§ WHAT IS REQUIRED:
When you copy from the entries that follow, take only the lines from the one with "これぞ「アンビルトの女王」ザ" down to the one with "Werten Sie Sitzmöbel", keeping both ends and dropping every picture.
*** Opening of GIVEN DATA ***
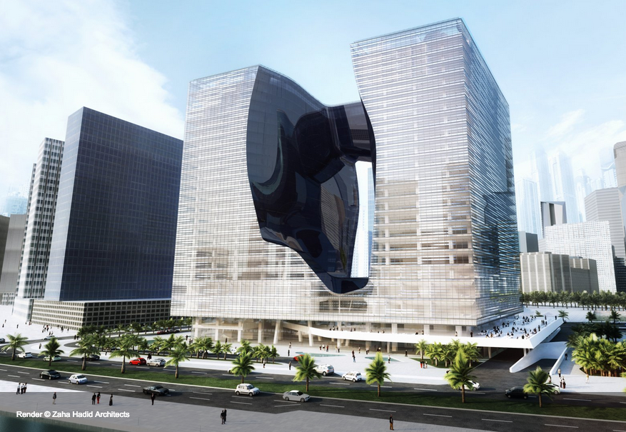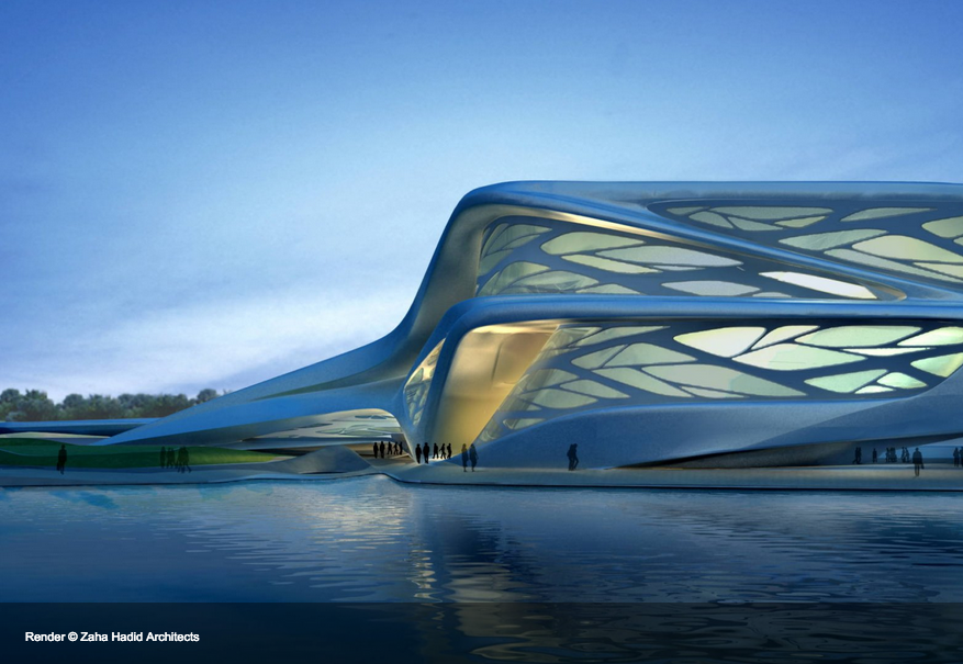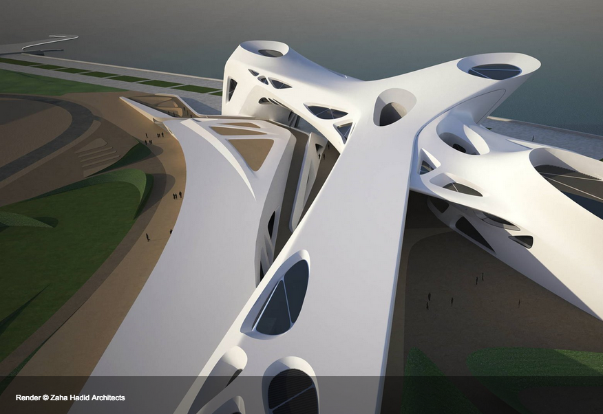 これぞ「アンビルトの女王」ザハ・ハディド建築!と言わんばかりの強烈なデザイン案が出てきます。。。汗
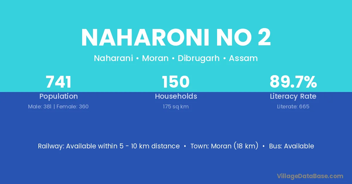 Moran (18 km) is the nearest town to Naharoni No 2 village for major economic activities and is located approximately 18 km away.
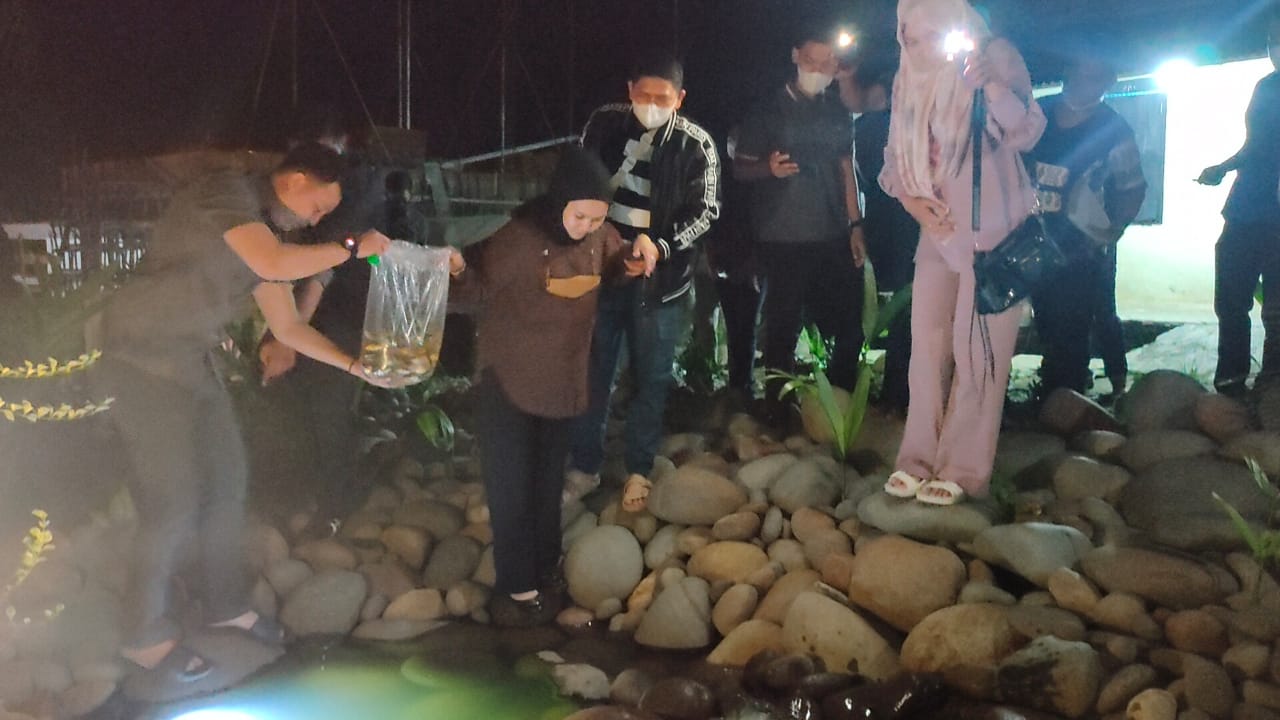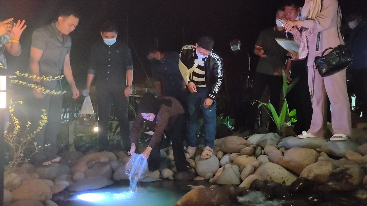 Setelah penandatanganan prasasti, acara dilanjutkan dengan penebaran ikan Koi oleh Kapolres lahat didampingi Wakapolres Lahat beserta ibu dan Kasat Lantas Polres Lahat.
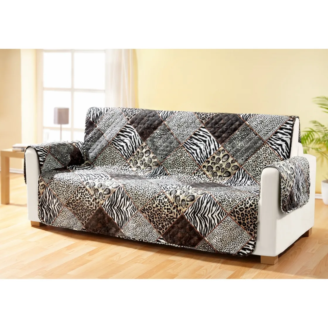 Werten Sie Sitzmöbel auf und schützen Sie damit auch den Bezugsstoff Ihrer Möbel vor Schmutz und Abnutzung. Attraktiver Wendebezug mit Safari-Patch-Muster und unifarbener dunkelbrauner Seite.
*** Close of GIVEN DATA ***
*** Opening of GIVEN DATA ***
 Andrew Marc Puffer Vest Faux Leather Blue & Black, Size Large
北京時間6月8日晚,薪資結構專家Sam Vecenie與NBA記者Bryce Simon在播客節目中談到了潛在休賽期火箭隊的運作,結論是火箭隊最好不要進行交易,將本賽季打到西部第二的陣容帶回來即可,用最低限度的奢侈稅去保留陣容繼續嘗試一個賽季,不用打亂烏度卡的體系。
*** Close of GIVEN DATA ***
§ EXERCISE ANSWER:
 これぞ「アンビルトの女王」ザハ・ハディド建築!と言わんばかりの強烈なデザイン案が出てきます。。。汗
 Moran (18 km) is the nearest town to Naharoni No 2 village for major economic activities and is located approximately 18 km away.
 Setelah penandatanganan prasasti, acara dilanjutkan dengan penebaran ikan Koi oleh Kapolres lahat didampingi Wakapolres Lahat beserta ibu dan Kasat Lantas Polres Lahat.
 Werten Sie Sitzmöbel auf und schützen Sie damit auch den Bezugsstoff Ihrer Möbel vor Schmutz und Abnutzung. Attraktiver Wendebezug mit Safari-Patch-Muster und unifarbener dunkelbrauner Seite.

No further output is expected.